# Best ever tip!!



## donurs (May 31, 2015)

Can anyone beat me on the tip I got last weekend? Would you consider it amusing, annoying or irritating?


----------



## NoDay (Jul 25, 2017)

Beat? When I was a waiter I've gotten $0.01 before.

While driving uber? I heard the coin drop in my jar and thought great a gd coin? Oh well... Come to find out it was a danish kroner. Completely useless unless i want to exchange it.


----------



## upyouruber (Jul 24, 2017)

donurs said:


> Can anyone beat me on the tip I got last weekend? Would you consider it amusing, annoying or irritating?
> 
> View attachment 152862


Not that I'm defending the PAX, but perhaps they made a mistake and thought they entered $1.00? Were they drunk, high etc?


----------



## donurs (May 31, 2015)

upyouruber said:


> Not that I'm defending the PAX, but perhaps they made a mistake and thought they entered $1.00? Were they drunk, high etc?


That's what I think happened - except the rider is so disconnected from reality that they can't see what they entered.
Just saying, what if they entered 100.00 instead.

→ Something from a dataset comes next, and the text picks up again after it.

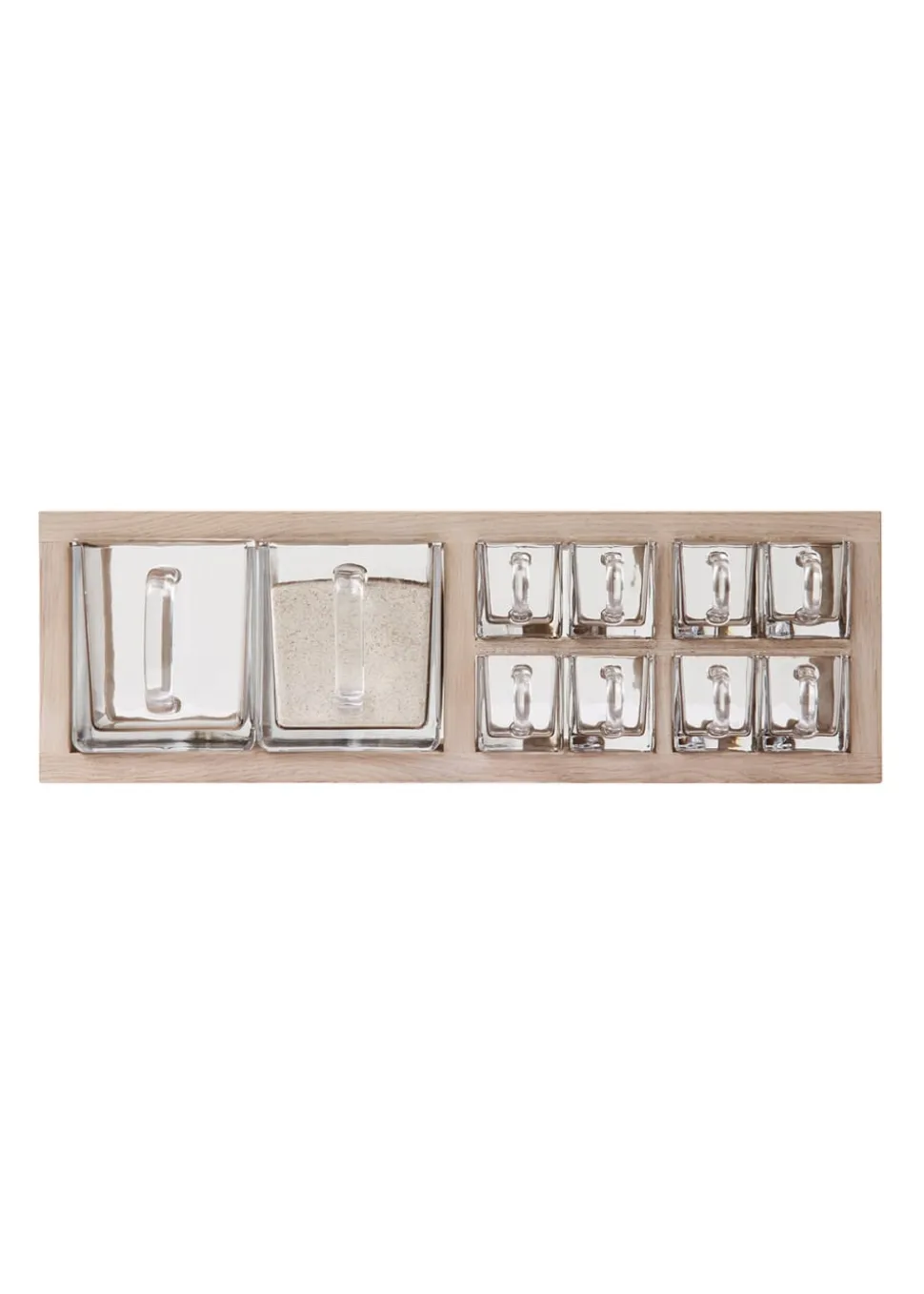 - Material: Aus weiß pigmentierter Eiche mit Mattlackierung und Glaskrügen.

Bet they would notice that for sure!


----------



## ginseng41 (Nov 30, 2014)

I got a $0.01 one


----------



## Jerseyguy72 (Aug 15, 2016)




----------



## donurs (May 31, 2015)

Jerseyguy72 said:


> View attachment 156065


We should start a program to educate riders on the validity of the decimal point and let them know that we appreciate numbers before the decimal point rather than after!


----------



## Cableguynoe (Feb 14, 2017)

I have plans to go out and use Uber at pax this coming weekend. 
Definitely going to find out if entering 5 would come up as five cents rather than 5 dollars


----------



## wk1102 (Dec 25, 2015)

NoDay said:


> Beat? When I was a waiter I've gotten $0.01 before.
> 
> While driving uber? I heard the coin drop in my jar and thought great a gd coin? Oh well... Come to find out it was a danish kroner. Completely useless unless i want to exchange it.
> 
> View attachment 152898


That's $3.20.


----------



## NoDay (Jul 25, 2017)

I could spend that on parking at the airport, just going to exchange it.


----------



## Ezridax (Aug 3, 2017)

I found a penny in my back seat today! I'm counting that as a tip!


----------



## WeDreams (Sep 14, 2017)

Wtf I guess these people don't realize you know addresses of home and you can take a big shit inside the mailbox for them.


----------



## ShinyAndChrome (Aug 18, 2017)

Ezridax said:


> I found a penny in my back seat today! I'm counting that as a tip!


I found a closed water bottle, but I had no idea where it had been so no way I was going to drink from it. My kids didn't complain, though.


----------



## htboston (Feb 22, 2016)

Don't spend it all in one place.

Also, change their rating to 1 star and lie about it. They did this as a joke and you should return the favor!



Ezridax said:


> I found a penny in my back seat today! I'm counting that as a tip!


I miss the year 2000, lol


----------